Некоторое время девушка стояла неподвижно и вдруг резким движением сбросила с себя балахон. Селестина возвышалась над присутствующими — нагая, красивая, надменная, отрешенная... Медленно повернулась она к пауку и громко произнесла:

— Иду к тебе, Князь тьмы! Иду, отбросив все суетное, иду с радостью и гордостью в сердце! Ты терпеливо ждал меня столько лет, и я ждала этого урочного часа. Сейчас мы соединимся, чтобы не расставаться никогда. Я добровольно отдаю тебе свой разум и свое тело, свои помыслы и свои желания. Владей мной полностью, мой повелитель! Я буду счастлива, когда во время ритуального совокупления ты проникнешь в меня и нарушишь мою непорочность! О, великий Астарот!
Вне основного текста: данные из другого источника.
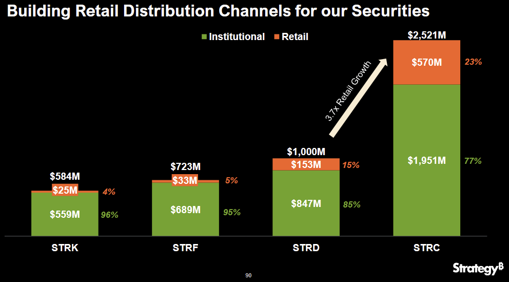 Additionally, being the most mature DAT company, Strategy has had time to scale and has started building its own capital stack on top of its equity. STRK, STRF, STRD, and STRC are credit-like instruments built on top of the common equity MSTR, and have become favorites of many large capital allocators. As shown in the July 2025 investor slide, these offerings have been oversubscribed, with demand led by institutions and a rising retail share, an early taste of how a crypto balance sheet inside an issuer unlocks manufacturable yield and duration.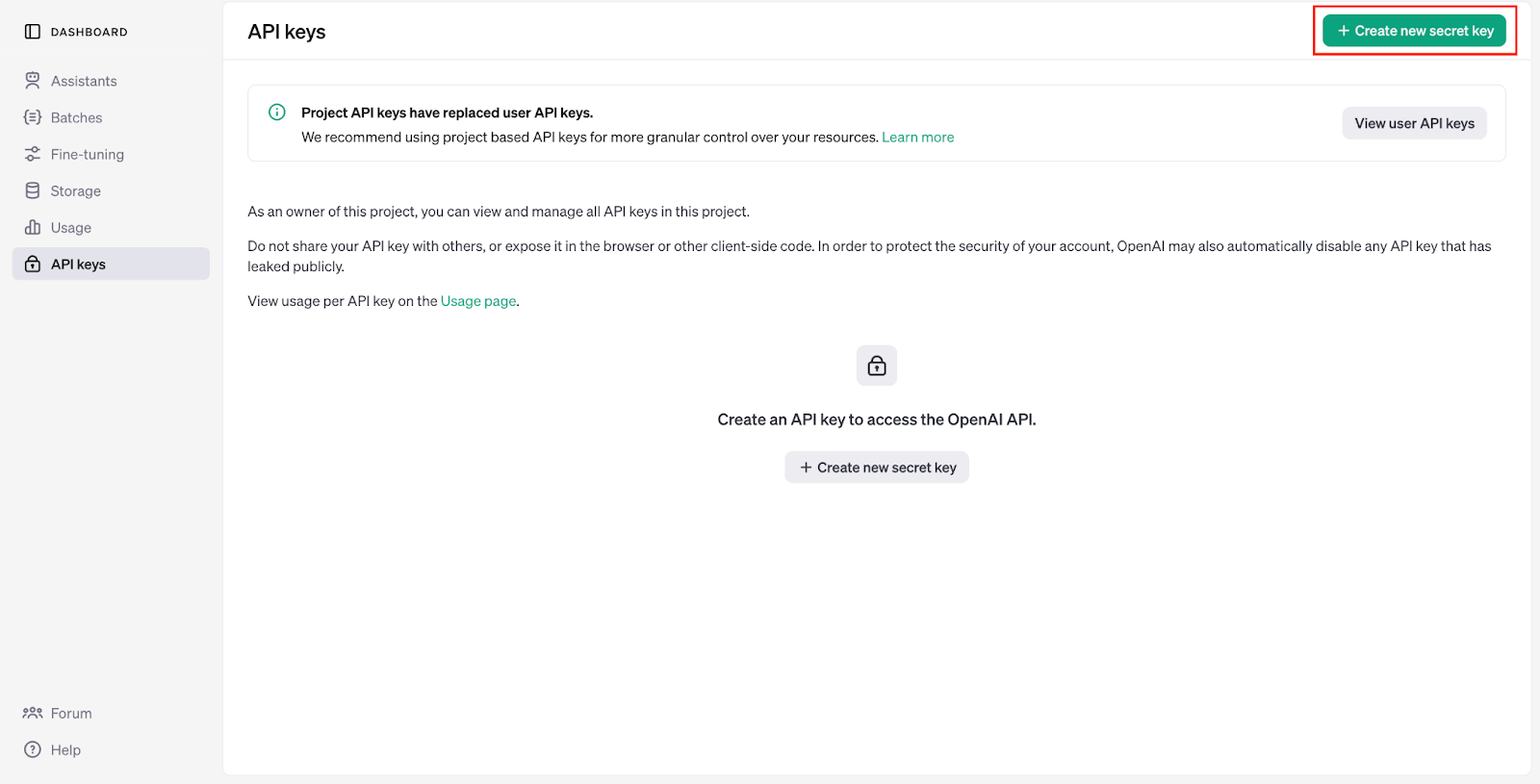 ダッシュボードのメニュー内にある「API Keys」タブを選択し、「Create new secret key」ボタンをクリックします。これにより新しいAPI Keyが生成されます。

Она повернулась лицом к нам.

— Я хочу лечь на алтарь... Пусть начнется жертвоприношение. Приходи птица! Приходи зверь! Приходи мужчина! Приходи женщина! Я отдаюсь Астароту в вашем образе!

Я все еще надеялась на чудо. Вдруг Селестина очнется и убежит с проклятиями из этого ужасного подвала. Но с каждой секундой мне становилось яснее и яснее, что «бедная девочка» с вожделением ждет, когда все набросятся на нее. На лице Селестины читались искренний экстаз и жажда совокупления со многими... Боже мой! Не было никакого гипноза и никаких наркотических веществ! Селестина никогда еще не была так уверена в своих действиях, как сейчас. Она наслаждалась моментом, выставляла напоказ свое нагое тело, заводила сатанистов легким покачиванием бедер...

И вдруг я вспомнила несколько фраз Алекса, которым до этого момента не придавала значения: «Незачем было лезть в пещеру... Выпускать Мэвис опасно, она многое знает... Она и этот чертов мальчишка, бойскаут...»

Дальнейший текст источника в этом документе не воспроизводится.